全国女性税理士連盟は、配偶者控除及び配偶者特別控除を廃止し、基礎控除の増額を要望する。

配偶者控除は、片働き世帯の妻のいわゆる内助の功への配慮として1961年に扶養控除から独立して別個の所得控除として設けられた。しかし、現状では以下の理由により廃止する時期に来ている。

1. 憲法における両性の本質的平等

憲法第24条は「個人の尊厳と両性の本質的平等」を定めている。これに立脚して、民法は夫婦間における協力扶助義務(民法第752条)を定めている。夫婦は一方が一方を扶養する関係ではなく、対等の立場で互いに協力して生活を営むものであり、今日、社会的にも男女共同参画が推進されている。
 夫婦間に関係する今後の税制は、この認識に立って構築されるべきである。

2. 働き方改革や家族のあり方をめぐる大きな構造変化

1980年には36%だった共働き世帯の割合が、2023年には72%となっており、女性の社会進出等、経済社会における大きな構造変化がおきている。
 今日においてはもはや専業主婦が内助の功として評価される時代ではなくなってきている。
 したがって、専業主婦・内助の功を背景とした配偶者控除等は時代遅れといえる。

3. 就業調整による女性の能力の活用の減殺・人手不足の助長による社会的損失

パート勤務妻の収入は9割程度が150万円未満に分布しており、何らかの就業調整をしていると考えられる。
 就業調整の要因としては、社会保険や家族手当など様々なものがあるが、配偶者控除等もその一因であると考えられる。
 就業調整は女性の低賃金化を招き、たとえ時給が上がっても総収入を増やさない結果をもたらし、経済的自立の妨げになるばかりか、女性のキャリア形成を阻み、人材を有効に活用できないことで社会的にも損失となる。

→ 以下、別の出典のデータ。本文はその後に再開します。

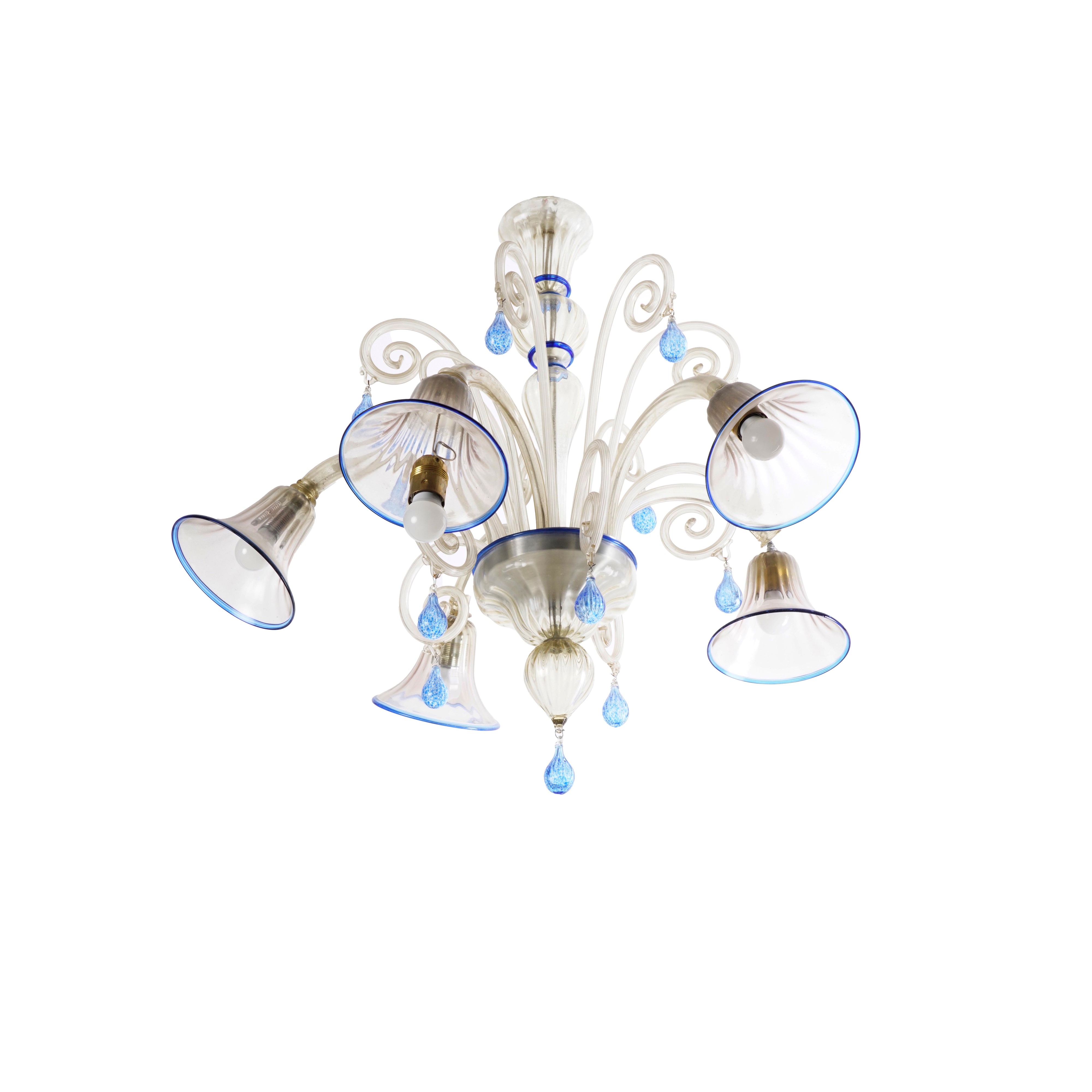 coppe a campana con bordo azzurro, bracci decorativi a volute, gocce azzurre

4. 配偶者控除等を廃止し、基礎控除を増額すべきである

基礎控除額を増額すれば、働いた妻本人の税額軽減につながり、労働意欲の向上にもつながると考える。
 世帯を単位とした配偶者控除等を適用して夫の税金を減少させるのではなく、個人を単位とした税制に近づくことになる。
 少子高齢化により生産年齢人口が減少する中、将来の日本を支えるためには女性の能力の活用が今後ますます重要になる。
 また、共働き世帯と片働き世帯との公平性及び多様なライフスタイルの選択上の中立性を図る必要がある。女性のさらなる社会進出を促すためにも、その阻害要因の一つとなっている配偶者控除等は廃止し、個人単位課税を基本として基礎控除額を少なくとも生活扶助基準額(約100万円)※以上に引き上げるべきである。
 なお、配偶者控除等の廃止にあたっては、子育てや介護をしながらでも働くことができるような労働環境の整備、男女共同参画社会のさらなる推進、社会保障等の充実もあわせて実施されたい。